The recorded statement by Sandusky broadcast on Penn State Com Radio in which he contende he was the victim of a conspiracy drew the ire of McGettigan.
"The defendant decided to give a radio interview yesterday and victimized his victims again," said McGettigan. "His harmful acts continues to this day as he goes on the radio and whines about his own pain."
Sandusky's statement that he was brought down by a "well-orchestrated effort of the media, investigators, the system, Penn State, psychologists, civil attorneys and other accusers," was also criticized by Cleland. He said the remarks "flow from the undeniable to the unbelievable.”
Though Sandusky denied that he committed any crimes, his attorneys didn't challenge his designation as a sexually violent predator. To comply with his sex offender status, Sandusky must submit DNA samples to a government database.
After today's appearance, guards returned Sandusky to the county jail. In 10 days, he'll be transferred to a state prison in Camp Hill where corrections officials will determine where to incarcerate Sandusky.
At trial, prosecutors said Sandusky was a "predatory pedophile" and a "sick, disturbed man," who targeted "the most vulnerable kids, kids in need."
Defense lawyer Joe Amendola countered that Sandusky was the victim of a grand conspiracy and that prosecutors had no physical proof he had molested anyone. Because of the allegations, "everything [Jerry Sandusky] ever loved, everything he's ever built, and everything he's ever stood for -- it's gone," Amendola said.

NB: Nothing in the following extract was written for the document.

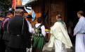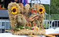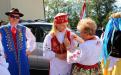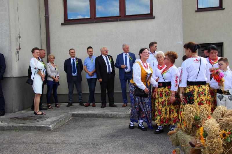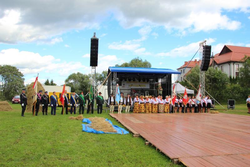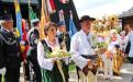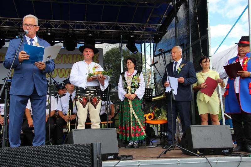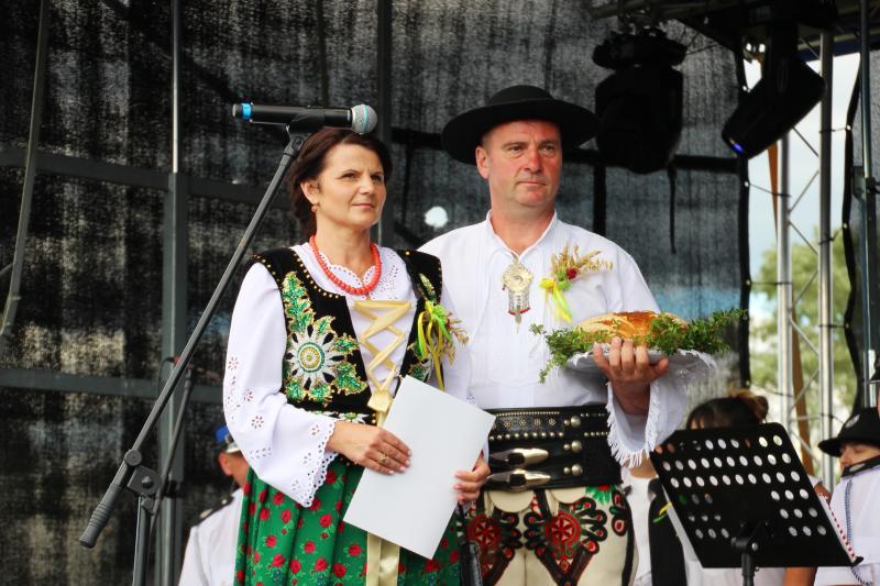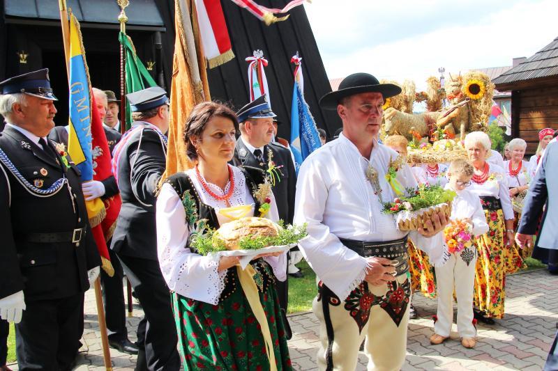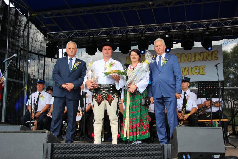 Honory starostów dożynek gminnych pełnili Lucyna i Janusz Trzop, którzy w swych dłoniach nieśli bochenek chleba i dary ołtarza.

The case attracted widespread media coverage, as Sandusky was one of the most notable assistant football coaches in college football and the founder of The Second Mile, a nonprofit charity for underprivileged youth.
Prior to sentencing, Amendola told reporters he planned to appeal the sentencing, asking the judge for a reduced punishment and a new trial. If the motion is denied, Amedola said he would appeal to the Pennsylvania Superior Court, a process that could take several years.